DIRECTIONS
Below this line is a listing that includes pictures. Copy exactly, and only, the lines from the one containing "В настоящее время" through the one containing "梅州市塔牌營銷有限公司通知自"; the pictures do not go in the copy.

INPUT DATA: Begin

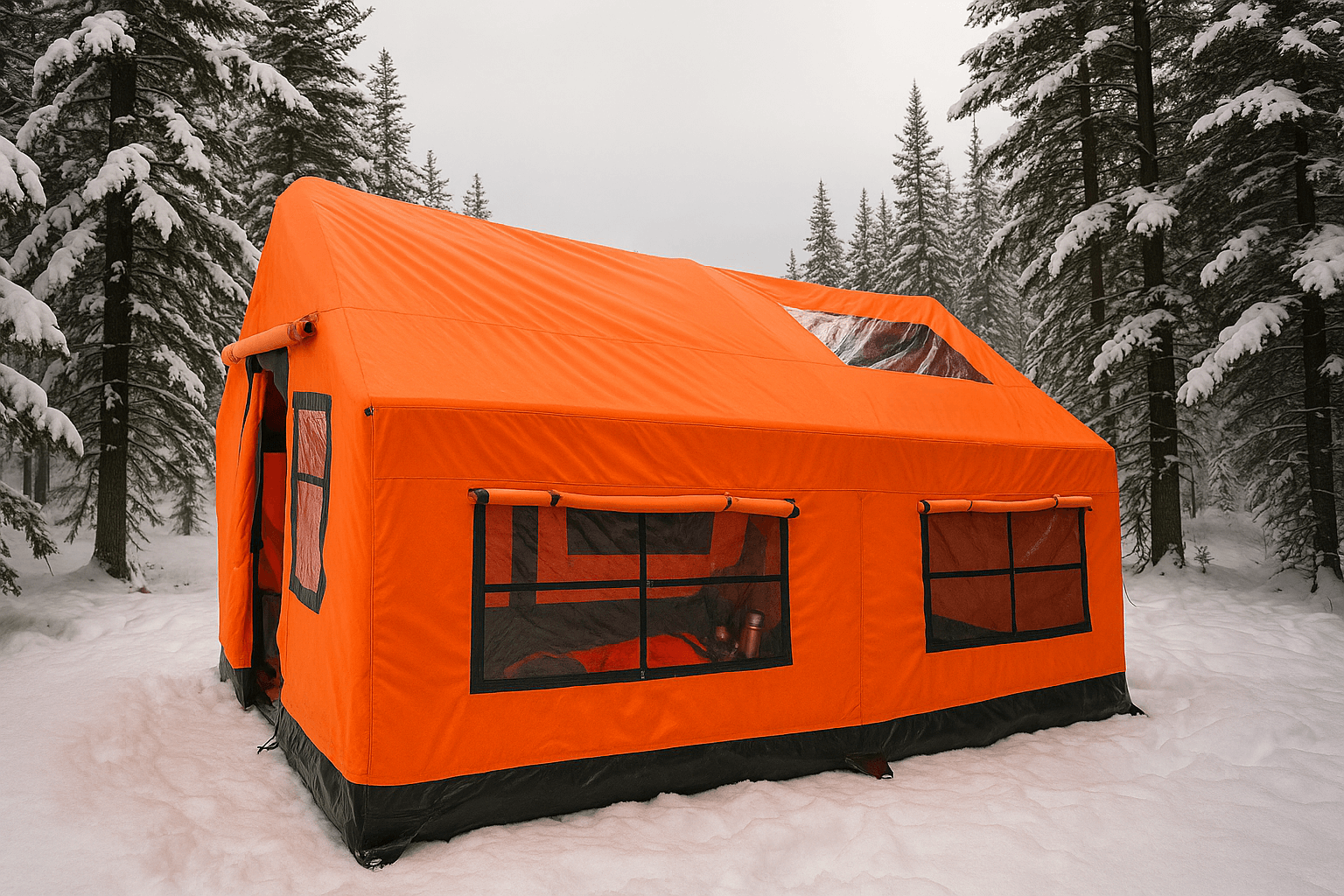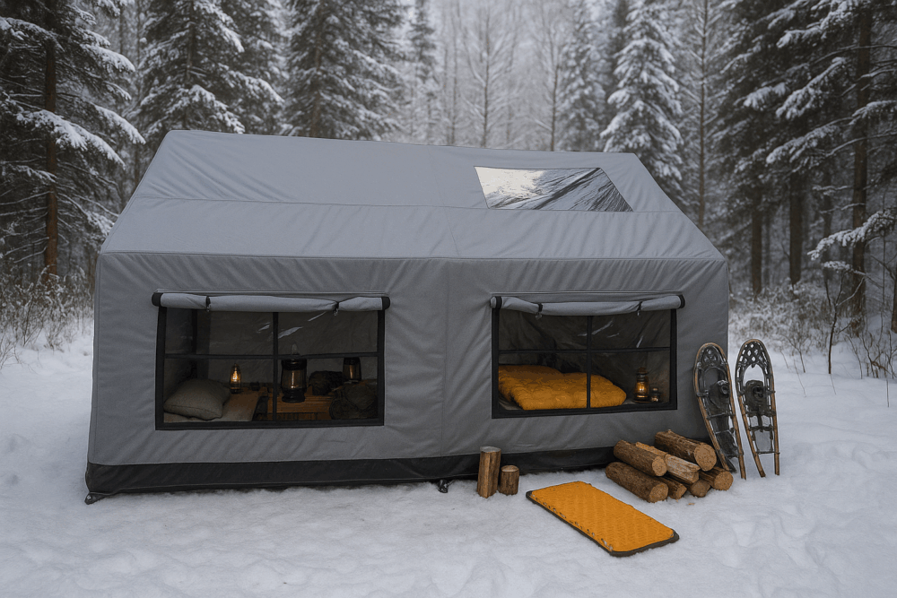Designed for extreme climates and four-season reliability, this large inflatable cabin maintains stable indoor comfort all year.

INPUT DATA: End
INPUT DATA: Begin

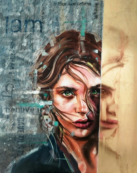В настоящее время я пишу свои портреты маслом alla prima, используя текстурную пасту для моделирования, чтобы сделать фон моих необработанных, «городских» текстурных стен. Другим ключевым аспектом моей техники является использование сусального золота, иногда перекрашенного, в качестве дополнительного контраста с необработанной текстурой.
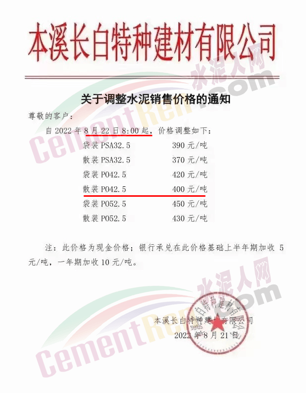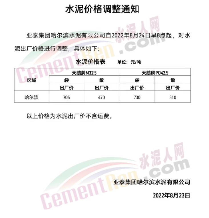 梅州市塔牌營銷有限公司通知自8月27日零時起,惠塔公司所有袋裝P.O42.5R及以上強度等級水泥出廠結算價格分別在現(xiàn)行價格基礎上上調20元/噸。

INPUT DATA: End

ANSWER BELOW
В настоящее время я пишу свои портреты маслом alla prima, используя текстурную пасту для моделирования, чтобы сделать фон моих необработанных, «городских» текстурных стен. Другим ключевым аспектом моей техники является использование сусального золота, иногда перекрашенного, в качестве дополнительного контраста с необработанной текстурой.
 梅州市塔牌營銷有限公司通知自8月27日零時起,惠塔公司所有袋裝P.O42.5R及以上強度等級水泥出廠結算價格分別在現(xiàn)行價格基礎上上調20元/噸。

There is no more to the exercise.